They climbed the sandy declivity, tufted with hillocks and boulders almost invisible in the increasing dusk, and reached the narrow and stony road at the top.

"We are not far from the farm," said Julian. "You must be tired."

"No, I like going down to the sea. I'm glad I met you. I was so angry at the beginning of the afternoon—after I'd seen poor little Miss Easter."

"I'm not at all surprised."

"Do you think," said Miss Marchrose, somewhat more than doubtfully, "that she is a discreet person?"

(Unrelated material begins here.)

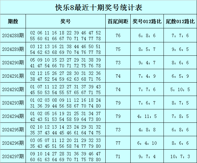福彩快乐8第2024297期开出奖号:09 10 14 27 28 31 36 39 46 47 60 61 63 64 69 70 71 75 78 80,其中奖号012路比为9:7:4,尾数012路比为10:7:3。
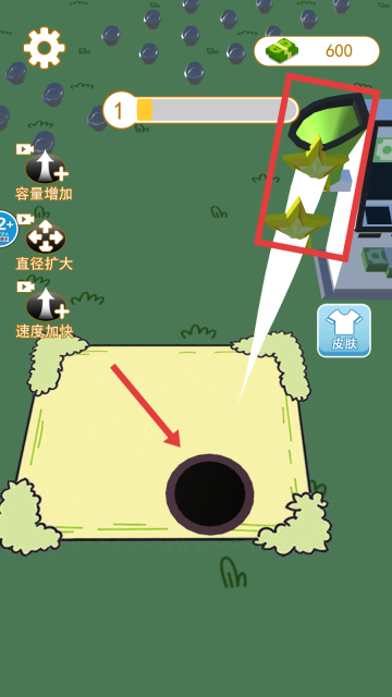 2、当黑洞吸入的宝物达到上限后,把黑洞移动至转换区,将吸入的所有宝物都转换成货币。

Sir Julian so emphatically thought the contrary that for the moment words almost failed him.

"Let us hope," he said at last, rather grimly, "that decency may induce her to hold her tongue on a subject of which she knows nothing whatsoever."

It struck him as he spoke that the foundation of the hope was but a frail one, and he wondered whether Miss Marchrose was thinking of Mark Easter as the recipient of his sister's newly-acquired piece of information.

If so, she gave no further sign of it, and he took her to the door of the farmhouse almost in silence.

Julian's thoughts that evening were occupied almost exclusively with Miss Marchrose. The complete frankness with which she had spoken that afternoon had put before him an extraordinarily new aspect of the self-contained, competent Lady Superintendent of the College. It appeared to him that he very well could imagine for himself all that she had hinted at, rather than described.